We don't always have a value for every metadata field. When missing, str fields take null value, while List fields are empty lists.

PDF parse-related metadata fields

  • has_pdf_parse: a bool-valued field that is true if this paper has a corresponding entry in pdf_parses/, which means we had processed that paper's PDF(s) at some point. The field is false otherwise.

  • has_pdf_parsed_abstract: a bool-valued field that is true if the paper's PDF parse contains a parsed abstract, and false otherwise.

  • has_pdf_parsed_body_text: a bool-valued field that is true if the paper's PDF parse contains parsed body text, and false otherwise.

  • has_pdf_parsed_bib_entries: a bool-valued field that is true if the paper's PDF parse contains parsed bibliography entries, and false otherwise.

  • has_pdf_parsed_ref_entries: a bool-valued field that is true if the paper's PDF parse contains parsed reference entries (e.g. tables, figures), and false otherwise.

Please note:

  • If has_pdf_parse = false, the other four fields will not be present in the JSON (trivially false).

  • If has_pdf_parse = true but has_pdf_parsed_abstract, has_pdf_parsed_body_text, or has_pdf_parsed_ref_entries are false, this can be because:

    • Our PDF parser failed to extract that element
    • Our PDF parser succeeded but that paper simply did not have that element (e.g. papers without abstracts)
    • Our PDF parser succeeded but that element was removed because the paper is not identified as open-access.

pdf_parses schema

We view pdf_parses/ as supplementary to the metadata/ entries.
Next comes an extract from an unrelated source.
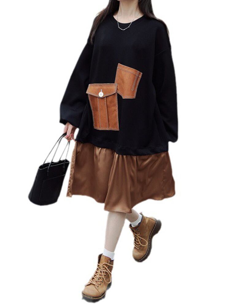 [EWQ] PU レザーポケットパッチワークスウェットシャツドレスビッグサイズ長袖ドレス秋潮 Vestido ロング オータム 秋物
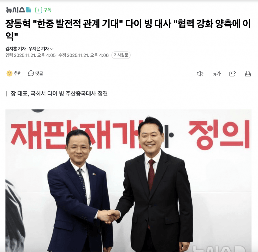 중국대사면 이재명도 머리 숙이는데 장동혁은 뭐라고 빳빳하게 들고 있냐?

PDF parses are also represented as JSONlines file (one line per paper) with the following keys:

  • paper_id: a str-valued field which is the same S2ORC paper ID in metadata/

  • _pdf_hash: a str-valued field. Internal usage only. We use this for debugging.

  • abstract and body_text are List[Dict]-valued fields representing parsed text from the PDF. Each Dict corresponds to a paragraph. List preserves their original ordering.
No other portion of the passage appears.